Thinking of this as a slow killer made me think of smoking. Would anybody smoke if the first inhalation caused immediate symptons such as death? I don’t think so. But I am pretty sure the lady that could possibly die from eating gluten, would never consider eating it. But smoking doesn’t immediately kill you, instead that inhalation creates a different result that some find pleasant and calming. The possibilities of what it does down the road seem relatively insignificant compared to the effects produced in the here and now.
Another thing I am reading is The 12 Rules For Life by Dr. Jordan B. Peterson. I have only made it through the second chapter, but everything I have read so far has hit a nerve (in a positive way). This second chapter discusses what a person would do for her sick pet. She would go to great lengths to make sure the pet is cared for and the medicine is administered. But would she go to those same lengths to take care of herself if she was sick? I know I am guilty of this. Have I always done the right things concerning my body? Have I always taken my medicine when I was supposed to? Toward the end of this chapter, I found a passage that really stood out:
You are important to other people, as much as to yourself…You are, therefore, morally obliged to take of yourself. You should take care of, help and be good to yourself the same way you would take care of, help and be good to someone you loved and valued.

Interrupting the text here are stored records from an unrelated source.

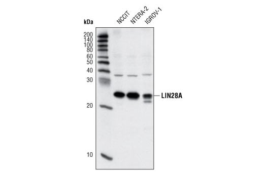 LIN28A (6D1F9) Mouse Monoclonal Antibody detects endogenous levels of total LIN28A protein.
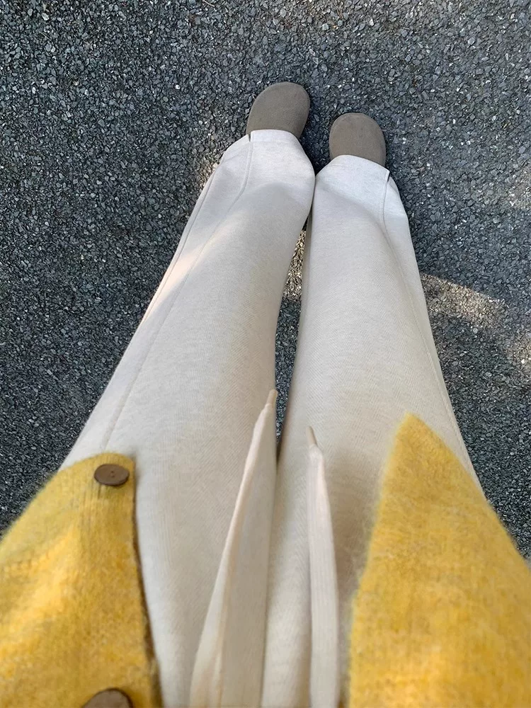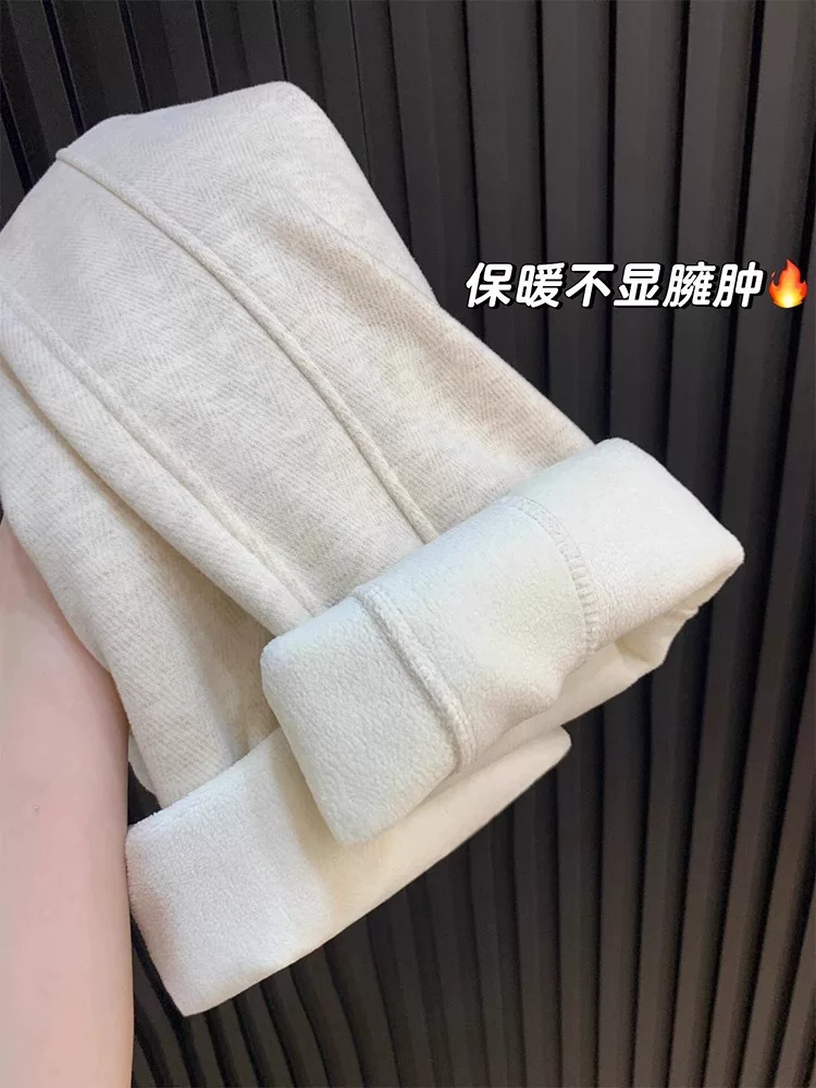 Quần âu len màu trắng nhạt dành cho nữ, cỡ lớn mùa đông, lót lông cừu, dày dặn, lưng cao, dáng rộng, suôn mềm, quần ống rộng giúp thon gọn.
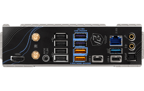 * Only the CPU's integradas graphics can be displayed through USB4 ports. Se quiser utilizar um monitor Tipo-C, por favor, utilize os processadores AM5 Ryzen™ 9000, 8000 e 7000 com gráficos integrados.
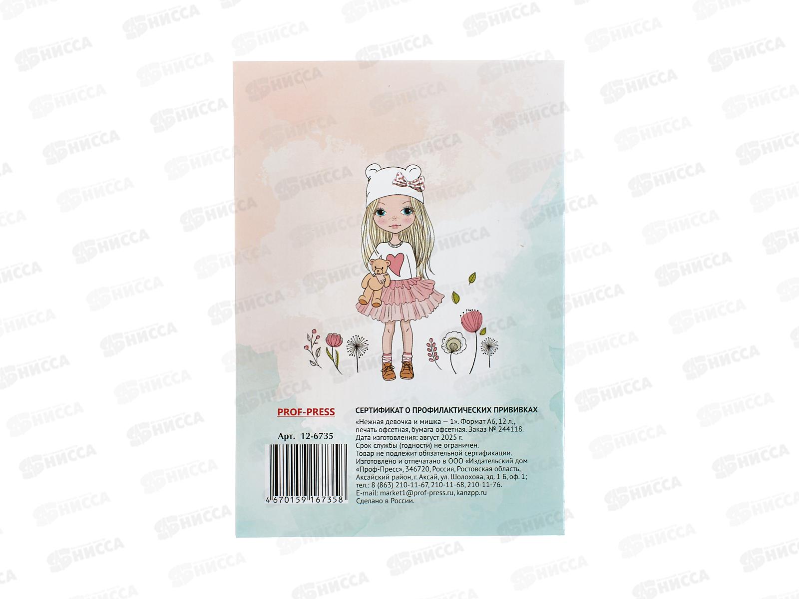 Сертификат о профил. прививках ПП А6, 12л Нежная девочка и мишка 1, 12-6735

I read this and began to think how important it is for me to take care of myself. Eating right and working out may seem like a selfish endeavor, but in reality it is more than just about me. I have to take care of myself, because there are others who are depending on me, who love me. Not eating right and not working out could be some of the most selfish things I could do.

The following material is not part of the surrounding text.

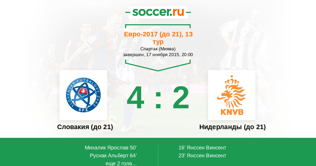 Протокол матча Словакия (до 21) против Нидерланды (до 21)
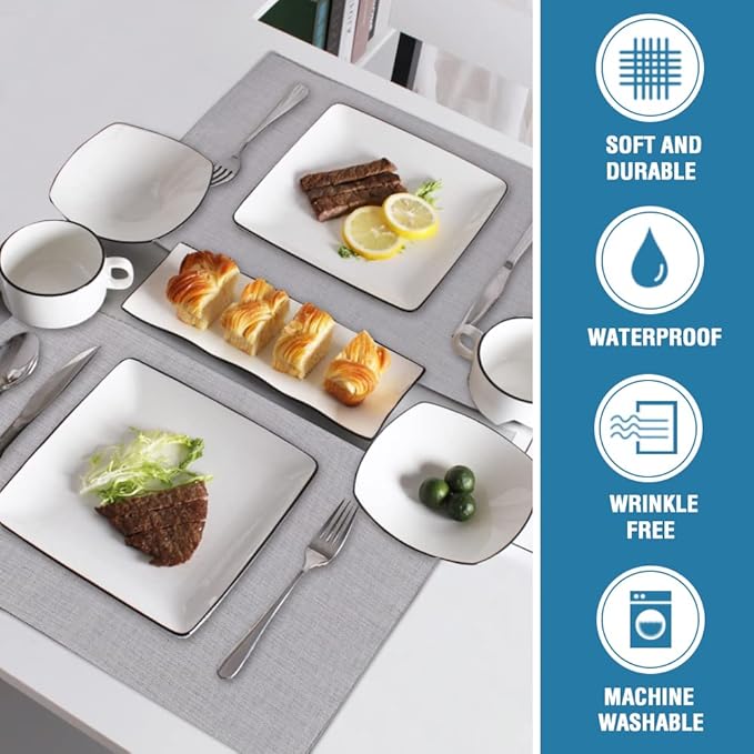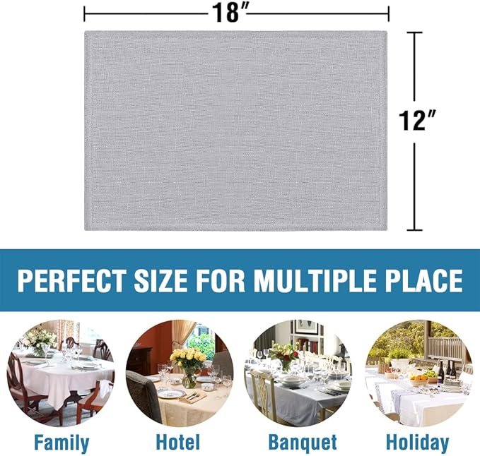 H.VERSAILTEX Linen Placemats Set of 8 Premium Solid Table Mats for Dining Table Spill-Proof Waterproof Heat-Resistant Kitchen Mats Washable, 12x18 inches, Grey

Today, I was thinking about wedding vows. I have been married over 13 years, and wedding vows are not something I usually tend to think about. I guess if you live the vows, there is no reason to consciously think about them. But I was thinking about them today. A traditional wedding vow is fairly simple: “I am going to be there regardless of what might happen.” It is really a basic pledge to stick with it, but maybe it is missing something. Maybe our vows should include, “I am going to do everything in my power to make sure I am there for you. That means I am going to eat healthy, workout, do everything I possibly can to ensure the success of our union. I’m not going to give up on you or myself. I am going to be there, for you, for our family, for those that depend on us.” This is not what I said all those years ago, but I probably should have. But then again, it is not what I said back then that really matters, it is my everyday actions that count.
What are the things that are slowly killing you? Are you aware of it? Are you doing something about it? It is not just about you. The ramifications of your actions are felt by those who love you, by those who depend on you.